While grazers such as horses and bison went extinct in the Arctic, browsers such as moose and caribou that subsist mostly on leaves and woody plants still persist.
“What’s interesting is why it’s the grazers that go extinct while the browsers make it through,” Miller said.
Miller has led numerous research expeditions deep into the Arctic National Wildlife Refuge by rigid inflatable boat to collect caribou antlers to track their historic migrations.
“The impacts of climate on vegetation can create a sudden shift,” he said. “The cooler, drier environments of the late Pleistocene allowed megafauna to thrive.

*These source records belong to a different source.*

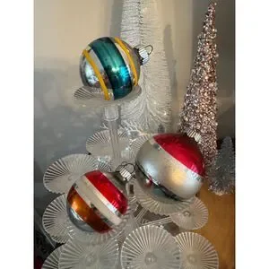3 striped vintage Christmas ornaments, glass Christmas balls
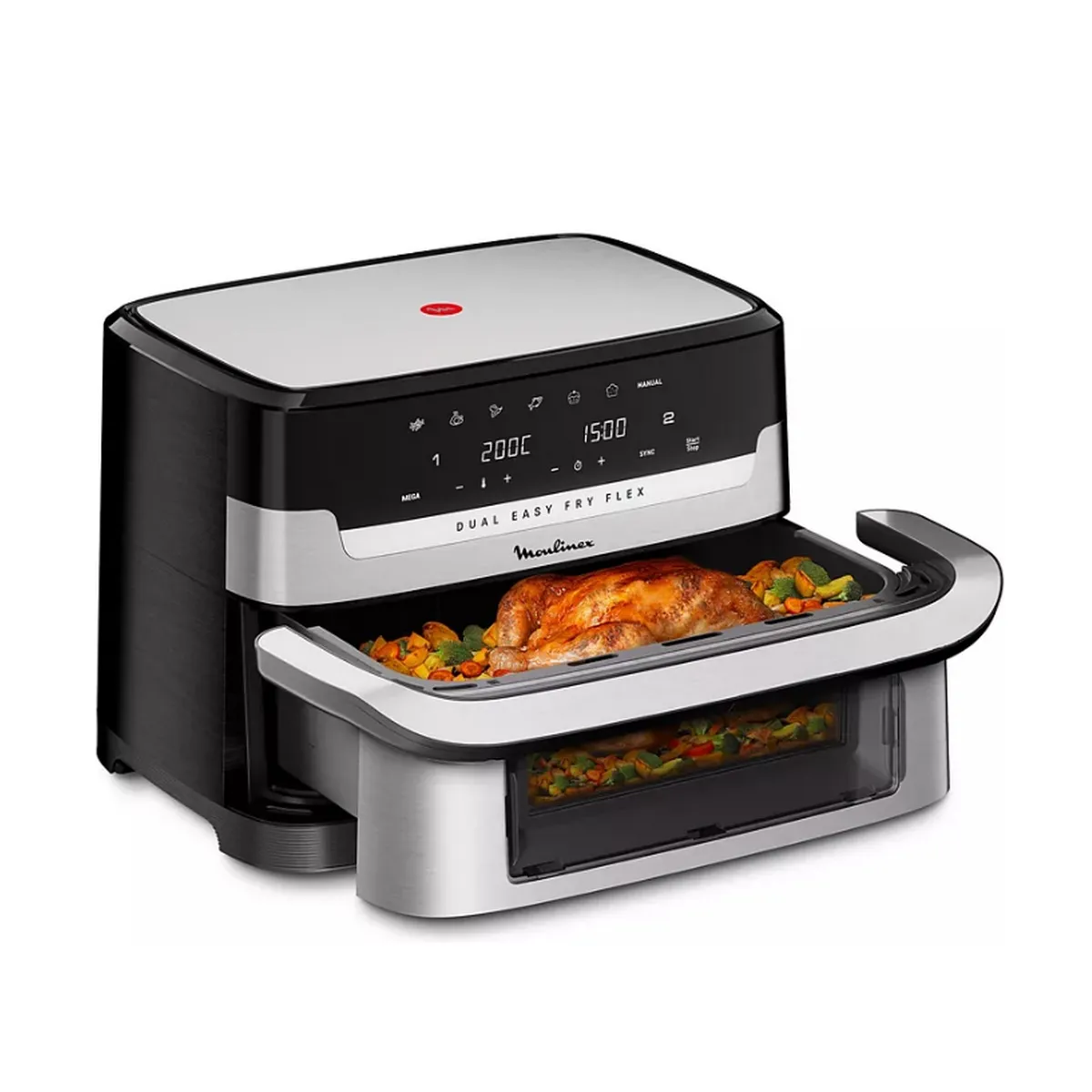 Easy Fry Dual Flex combine la polyvalence de deux zones de cuisson indépendantes à la praticité d'une méga zone. Son secret ? Son séparateur amovible ingénieux qui permet de passer d'une à deux zones de cuisson.
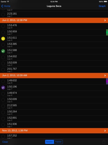 RaceTrace comes populated with some sample data to allow you to play around with the app before you get to the track. You can delete those sample tracks and sessions once youre familiar with the app and have some data of your own. Remember, RaceTrace is NOT limited to those sample tracks. Define your own anywhere you go!
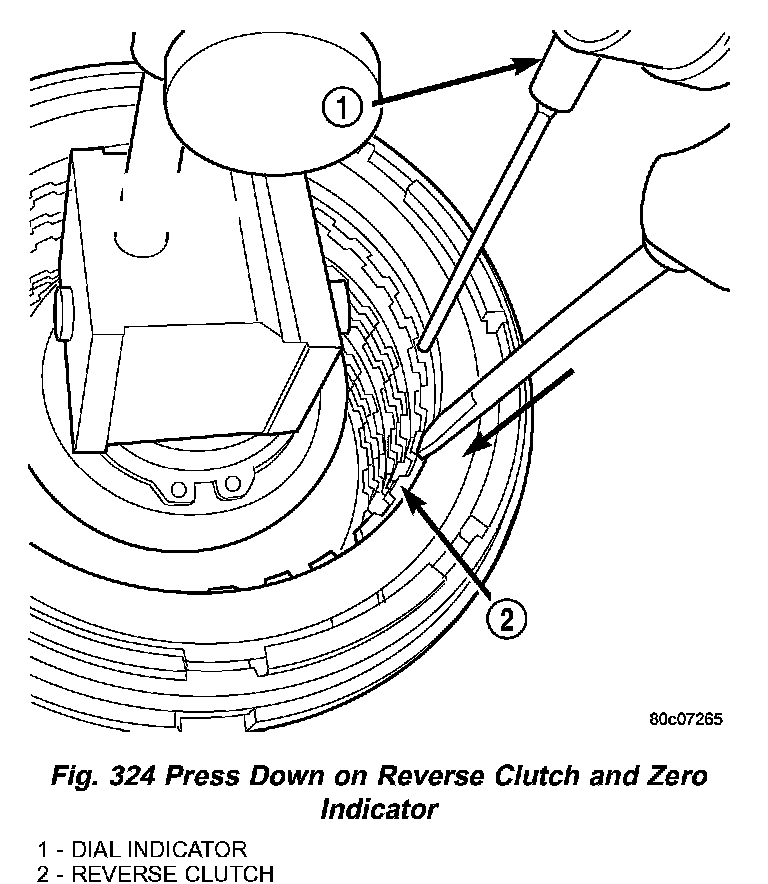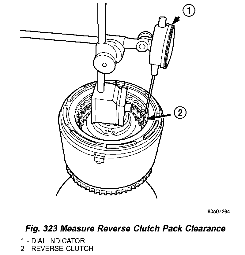 32. Set up a dial indicator on the reverse clutch pack as shown in (Fig. 323).

But the warm and wet climates of the Holocene led to today’s wet tundra vegetation.”
For her next project, doctoral student Kelly will take a closer look at bison and horses in the Yukon that lived around the same time.
“We’ll be focusing on the story of how bison responded to the environmental changes of the last 50,000 years, as northern climates swung from relatively mild conditions, to extremely cold and dry during the last Glacial period, and finally rapid warming to the boreal forest climate we see today,” she said. “Are bison able to change their diets in response to changing vegetation, or are they fixed within one niche?”